PROBLEM STATEMENT: Output the data below exactly, without images.

☆ ☆ ☆ ☆ ☆

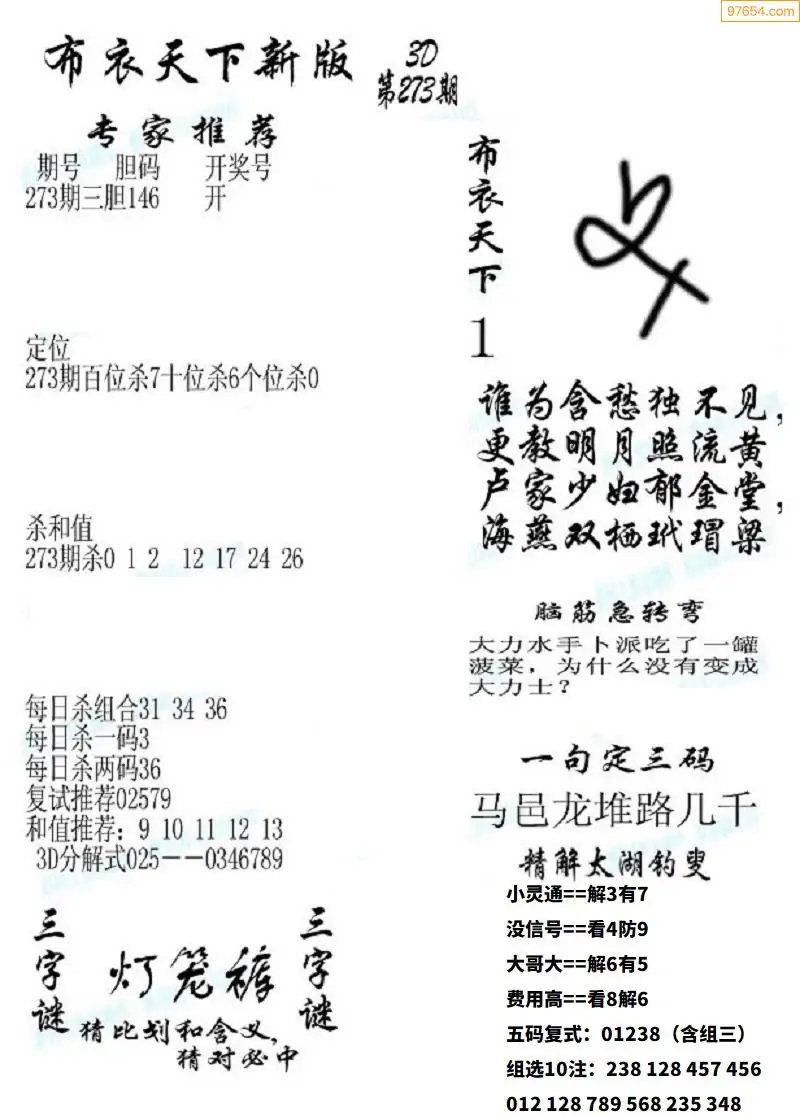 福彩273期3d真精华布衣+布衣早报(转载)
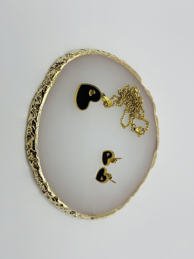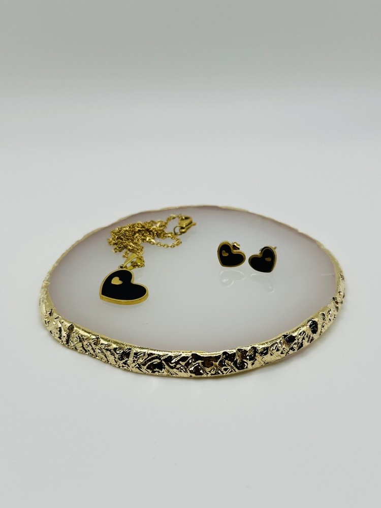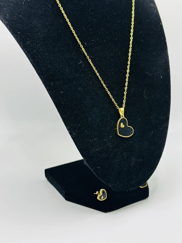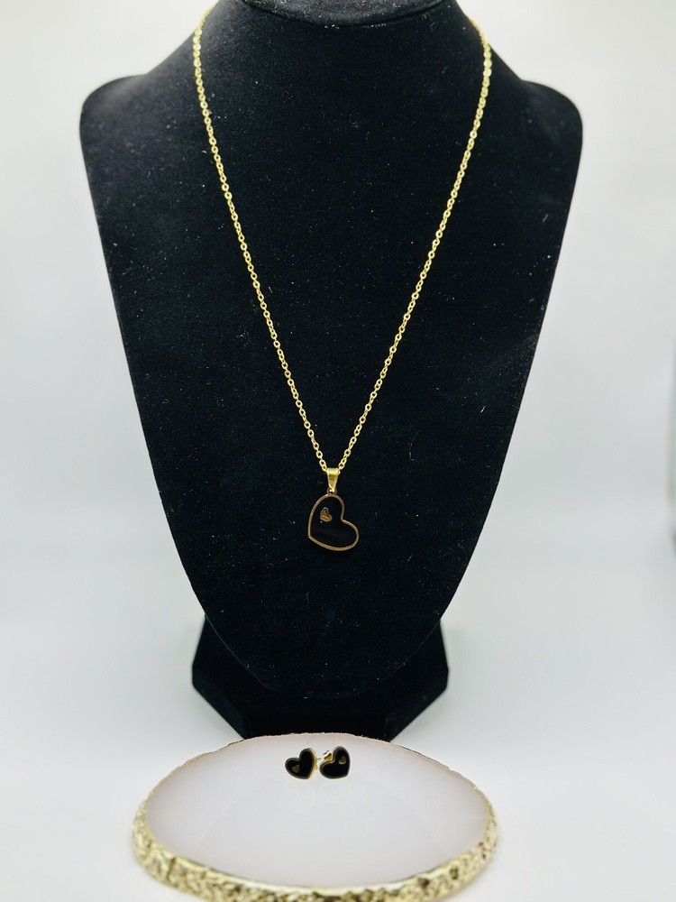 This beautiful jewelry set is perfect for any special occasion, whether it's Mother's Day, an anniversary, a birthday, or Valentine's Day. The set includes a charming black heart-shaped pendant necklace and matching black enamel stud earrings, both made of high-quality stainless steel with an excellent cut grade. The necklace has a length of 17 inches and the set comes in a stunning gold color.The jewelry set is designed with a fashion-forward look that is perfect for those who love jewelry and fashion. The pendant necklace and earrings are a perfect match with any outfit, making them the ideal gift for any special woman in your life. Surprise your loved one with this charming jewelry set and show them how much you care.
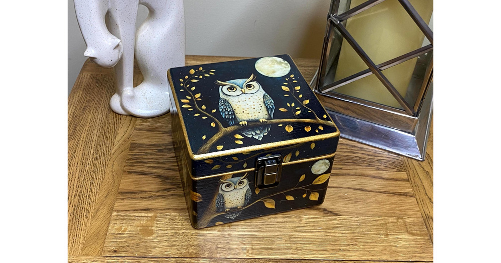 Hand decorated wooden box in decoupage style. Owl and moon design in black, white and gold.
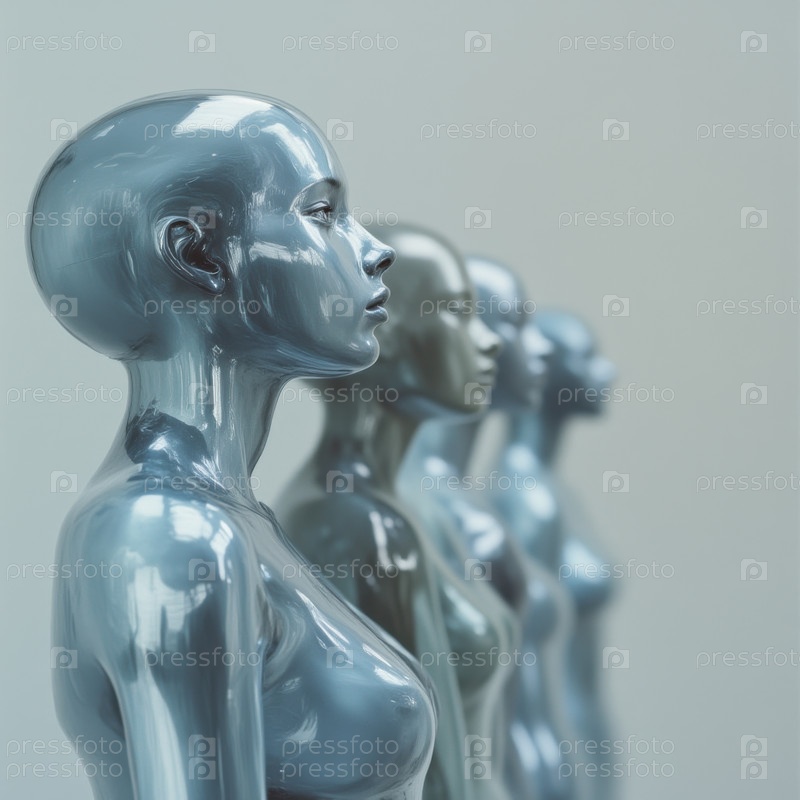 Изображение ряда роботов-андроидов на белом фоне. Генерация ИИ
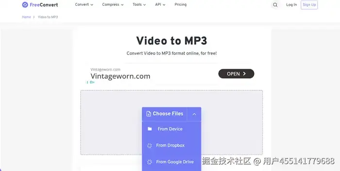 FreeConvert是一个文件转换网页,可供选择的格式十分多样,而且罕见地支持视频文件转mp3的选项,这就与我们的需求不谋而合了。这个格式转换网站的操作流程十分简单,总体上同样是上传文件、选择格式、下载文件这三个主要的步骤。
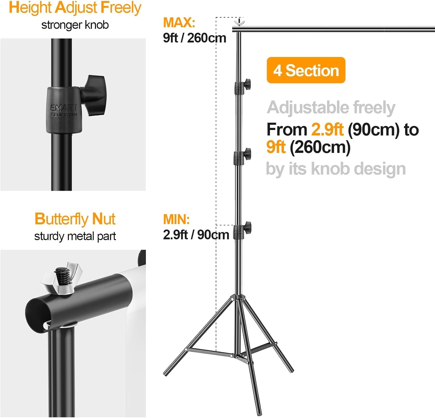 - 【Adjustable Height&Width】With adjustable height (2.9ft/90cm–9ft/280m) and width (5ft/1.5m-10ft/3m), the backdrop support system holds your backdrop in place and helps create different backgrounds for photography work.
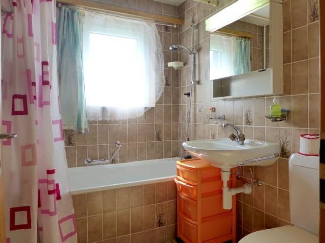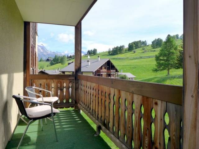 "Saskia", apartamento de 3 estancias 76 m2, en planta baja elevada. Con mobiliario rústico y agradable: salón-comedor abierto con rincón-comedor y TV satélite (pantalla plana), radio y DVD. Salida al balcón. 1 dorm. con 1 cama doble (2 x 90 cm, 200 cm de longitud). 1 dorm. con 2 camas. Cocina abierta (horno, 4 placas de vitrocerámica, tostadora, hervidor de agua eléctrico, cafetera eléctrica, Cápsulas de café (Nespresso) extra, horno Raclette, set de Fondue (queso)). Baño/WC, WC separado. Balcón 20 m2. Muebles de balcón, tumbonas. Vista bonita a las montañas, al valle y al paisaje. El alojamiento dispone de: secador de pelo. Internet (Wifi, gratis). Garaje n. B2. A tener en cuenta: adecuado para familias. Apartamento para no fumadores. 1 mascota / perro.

☆ ☆ ☆ ☆ ☆

RESULT OF THIS EXERCISE:
 福彩273期3d真精华布衣+布衣早报(转载)
 This beautiful jewelry set is perfect for any special occasion, whether it's Mother's Day, an anniversary, a birthday, or Valentine's Day. The set includes a charming black heart-shaped pendant necklace and matching black enamel stud earrings, both made of high-quality stainless steel with an excellent cut grade. The necklace has a length of 17 inches and the set comes in a stunning gold color.The jewelry set is designed with a fashion-forward look that is perfect for those who love jewelry and fashion. The pendant necklace and earrings are a perfect match with any outfit, making them the ideal gift for any special woman in your life. Surprise your loved one with this charming jewelry set and show them how much you care.
 Hand decorated wooden box in decoupage style. Owl and moon design in black, white and gold.
 Изображение ряда роботов-андроидов на белом фоне. Генерация ИИ
 FreeConvert是一个文件转换网页,可供选择的格式十分多样,而且罕见地支持视频文件转mp3的选项,这就与我们的需求不谋而合了。这个格式转换网站的操作流程十分简单,总体上同样是上传文件、选择格式、下载文件这三个主要的步骤。
 - 【Adjustable Height&Width】With adjustable height (2.9ft/90cm–9ft/280m) and width (5ft/1.5m-10ft/3m), the backdrop support system holds your backdrop in place and helps create different backgrounds for photography work.
 "Saskia", apartamento de 3 estancias 76 m2, en planta baja elevada. Con mobiliario rústico y agradable: salón-comedor abierto con rincón-comedor y TV satélite (pantalla plana), radio y DVD. Salida al balcón. 1 dorm. con 1 cama doble (2 x 90 cm, 200 cm de longitud). 1 dorm. con 2 camas. Cocina abierta (horno, 4 placas de vitrocerámica, tostadora, hervidor de agua eléctrico, cafetera eléctrica, Cápsulas de café (Nespresso) extra, horno Raclette, set de Fondue (queso)). Baño/WC, WC separado. Balcón 20 m2. Muebles de balcón, tumbonas. Vista bonita a las montañas, al valle y al paisaje. El alojamiento dispone de: secador de pelo. Internet (Wifi, gratis). Garaje n. B2. A tener en cuenta: adecuado para familias. Apartamento para no fumadores. 1 mascota / perro.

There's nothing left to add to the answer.